I want to extend a huge thanks to Joe from Shadow Graphics! Project NMZ is going to have a sweet custom wrap! I wanted to share just one of the cool ideas he has designed. Keep an eye on this post as we finalize the design and do the install!

Shadow Graphics
Boca Raton, FL
561.362.4604

[email protected]

shadowgraphicsone.com

Shadow Graphics is your one stop source for design & application for marine, corporation & your personal needs.

Full color graphics

Boat names & wraps / truck lettering / logo design / art & photo prints


----------



## backwaterbandits (Dec 15, 2006)

WOW  This thing is shaping up to be VERY [smiley=cool2.gif]


----------



## cal1320 (Jun 6, 2007)

That looks awesome!


----------



## Caretaker (Jun 16, 2008)

What a great way to make a one of a kind boat!


----------



## fishgitr (Feb 18, 2008)

No doubt! What a beautiful ride!


----------



## BobFLA (Feb 15, 2007)

Man what a great looking ride!

Best regards
Bob


----------



## Un-shore (Sep 27, 2007)

Very nice!


----------



## B.Lee (Apr 29, 2008)

Man, that rig is going to look good in the background of my future fishing reports!


----------



## the_shadow (Jul 24, 2008)

so lee what color should i make your name?


----------



## B.Lee (Apr 29, 2008)

I think a blue about the same shade as the blue in the water near the transom would look good. A big "B.Lee" just forward of the redfish would look sweet! 
;D


----------



## Guest (Jul 25, 2008)

> so lee what color should i make your name?

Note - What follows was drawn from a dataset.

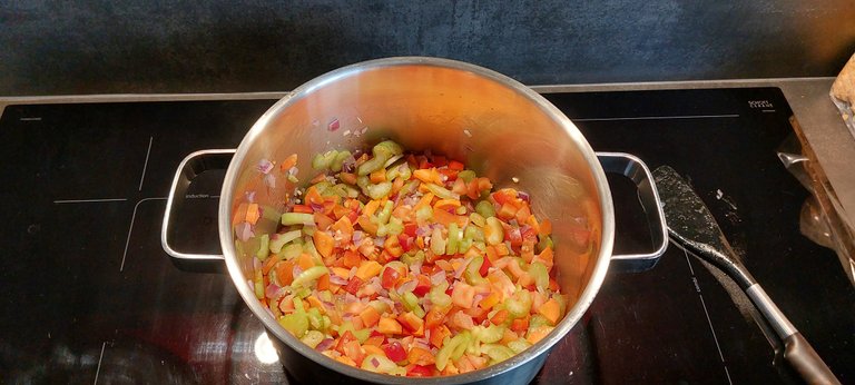 After walking back home, I made soup as preparation for dinner, it's looking really colorful and healthy isn't it!?

Only "the shadow" knows?     ;D ;D ;D


----------



## Lil_Tate (Dec 18, 2006)

boat is mine, nothing to see here, move along.....


----------



## kicker (Dec 16, 2006)

That looks pretty sweet. What would something like that normally cost?


----------



## axe11924 (Jul 27, 2008)

Hey Jan whats going on? Great looking Skiff by the way. What happened to the T?


----------



## iMacattack (Dec 11, 2006)

Hey Clint,

You have a PM. ;D

Cheers


----------



## stickwaver (May 13, 2008)

Swwwwweeeeet!!!


----------



## the_shadow (Jul 24, 2008)

> > so lee   what color should i make your name?
> 
> 
> 
> Only "the shadow" knows?     ;D ;D ;D


old school capt & yes only the shadow knows


----------



## thresher (Dec 18, 2006)

About as subtle as a bag of hammers. And I like it! ;D


----------



## krash (Jan 9, 2007)

Looking Gooooooooood


----------



## fishgazam (Dec 12, 2006)

where da flames.... ;D

AC


----------